Oct 16, 2014 By Alejandra Silva, Staff Writer

Community members gathered Tuesday to recognize a student-built duplex as the first LEED Silver-Certified building in Wyoming and in Riverton.

U.S. Sen. Mike Enzi was there as well.

The Leadership in Energy and Environmental Design certification is administered through the U.S. Green Building Council and recognizes the 18 mandatory measures that had to be met in order to acquire that top certification.

Enzi was the guest speaker for the ceremony held at the Project Green duplex location on South Broadway and East Madison Avenues. He said the community should celebrate the success of the students who built it.

About 100 students from several Fremont County school districts played a big role in implementing what they learned to build the duplex. It took three summers to complete it. They used energy-efficient materials and construction methods learned through their hands-on experience with the Green Construction Academy.

Executive director of Fremont County BOCES Sandy Barton pointed out the push by Enzi to reauthorize the Workforce Investment Act, which guarantees workers have access to education and skill training, and that employers have the skilled workforce needed to be competitive.

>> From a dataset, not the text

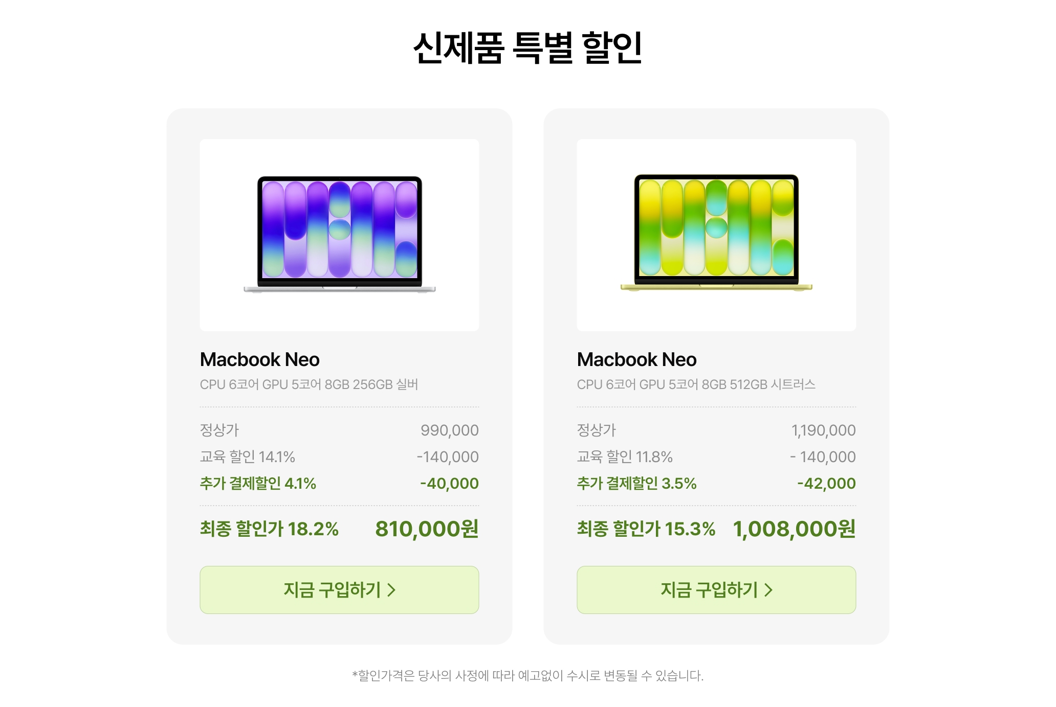 (예약판매) MacBook Neo 13 (A18 Pro) CPU 6코어 GPU 5코어 8GB 256GB 실버

"We did it by eliminating 15 programs that didn't work," Enzi said.

Students worked through the Green Construction Program for the training. The American Recovery and Reinvestment Act provided funding and $1.5 million in stimulus money was awarded to Fremont County BOCES in 2010 through the State Energy Sector Partnership Grant.

"We've got to get more people, more students involved to use their hands," Enzi said. "We've got to encourage them in their education and make sure it includes all of the possibilities."

RaJean Strube Fossen, director of the Green Construction Program, said there are 13 LEED homes in Wyoming but only three student-built LEED homes in the entire nation.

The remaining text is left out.